ASUNCION – The Paraguayan women’s affairs ministry presented on Monday the National Equality Plan, which aims to achieve “real equality” between men and women by 2030.
Even after the implementation of three previous gender-equality initiatives, “gaps persist,” Minister Nilda Romero said during an event at an Asuncion hotel with President Mario Abdo Benitez and first lady Silvana Lopez in attendance.
“We are in a position to aspire to more,” she said, adding that the plan, which outlines objectives and methods for implementing public policies for the next five years, aims to “eliminate obstacles.”
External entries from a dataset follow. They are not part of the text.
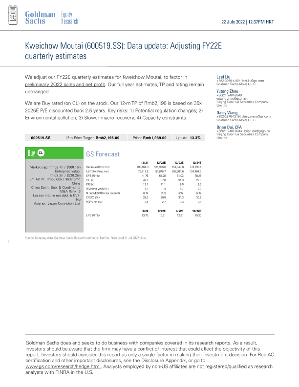 【Goldman Sachs】【20220722】Kweichow Moutai (600519.SS) Data update Adjusting FY22E quarterly estimates-5页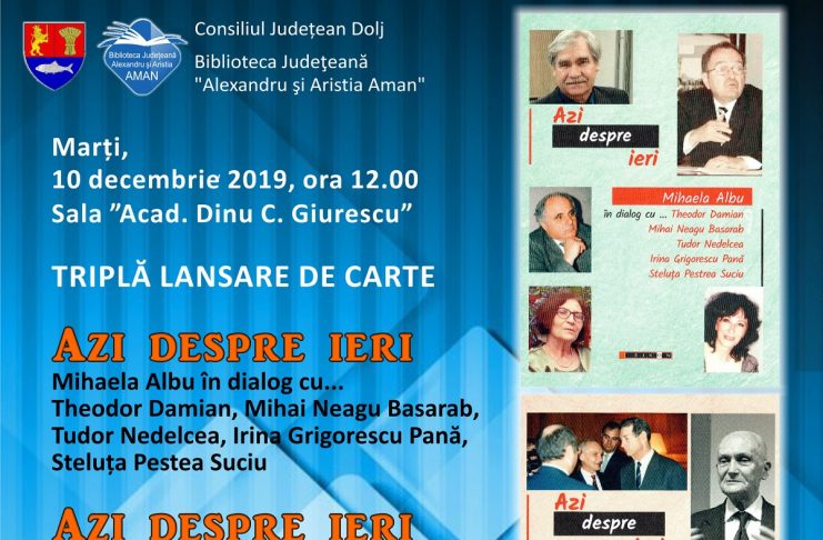 Biblioteca Județeană „Alexandru și Aristia Aman” găzduiește marți, 10 decembrie 2019, începând cu ora 12,00, în sala „Acad. Dinu C. Giurescu”, lansarea volumelor „Azi despre ieri… Mihaela Albu în dialog cu Theodor Damian, Mihai Neagu Basarab, Tudor Nedelcea, Irina Grigorescu Pană, Steluța Pestrea Suciu”, „Azi despre ieri… Mihaela Albu în dialog cu Dinu Zamfirescu”, ale autoarei Mihaela Albu, respectiv „Caiete Macedonskiene”, volumul 1, autor Ion Munteanu. Evenimentul va fi moderat de Valentin Ajder, directorul Editurii Eikon, și se va bucura de prezența scriitorilor Irina Macedonski, Mihaela Albu, Ioan Lascu, Tudor…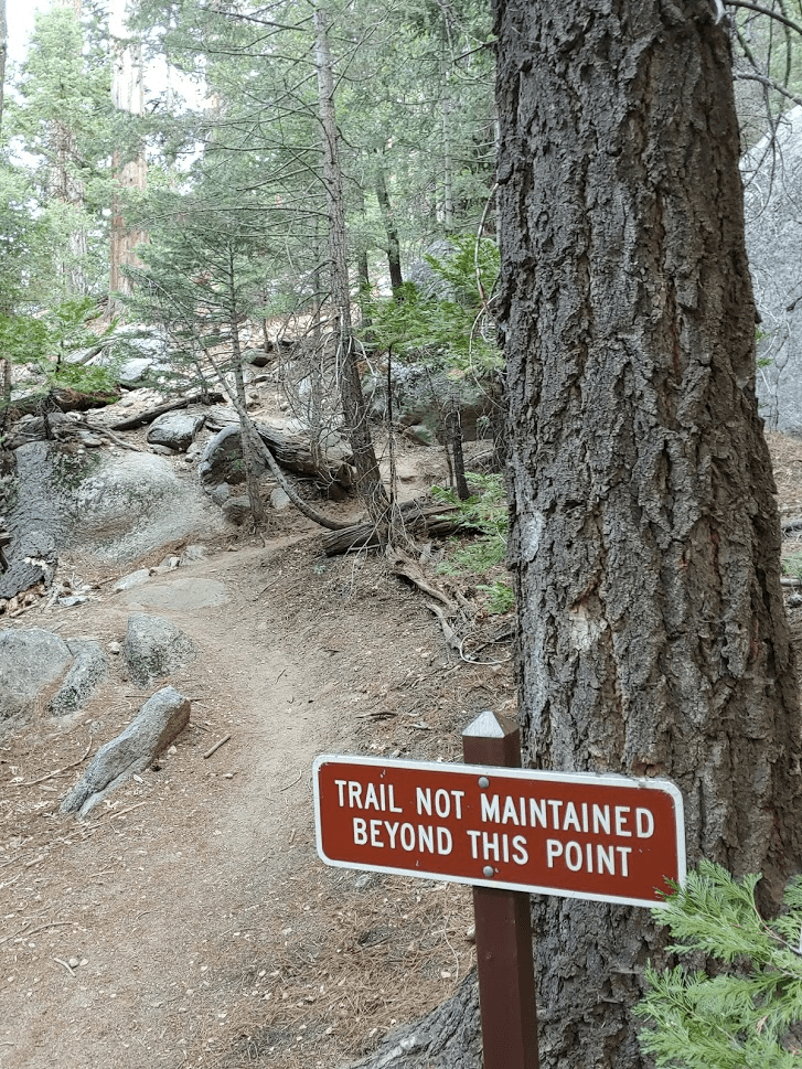 The road turns into a single track trail and makes a sharp left. At 0.9 mile I passed a sign indicating the trail is not maintained past this point.

The initiative calls for eliminating discrimination against women, as well as establishing mechanisms that favor equal access and the “permanence” of women in positions of “decision-making in all branches of government.”
Romero also pointed out that the proposal seeks to “create conditions” that allow “the economic empowerment and autonomy of women,” and to ensure women’s access to the courts.
The National Plan includes specific projects for economic empowerment of indigenous women and mandates creation of a body to monitor gender violence, “to achieve greater effectiveness in prevention and punishment” of offenders.
On hand for the presentation was the UN Women representative in Paraguay, Florence Raes, said the plan constitutes a tool to undertake a public policy that is “not only ambitious but also very practical” because it “identifies the obstacles in each area.”
The plan’s objectives are also consistent with the United Nations’ Agenda 2030 and the Sustainable Development Goals, Raes said.
Romero said that reducing inequality between men and women will be a “state policy” involving all public institutions, a point emphasized by the presence of the president in the presentation of the initiative, as well as numerous other senior officials and the Asuncion diplomatic corps.
The event paid tribute the Paraguayan women, embodied for the occasion by the reigning Miss Paraguay – Veronica Viveros – dressed in traditional 19th-century garb in recognition of the “women who rebuilt the country” after the 1864-1870 War of the Triple Alliance.
That conflict, the bloodiest between states in the history of South America, wiped out nearly 70 percent of the adult men in Paraguay.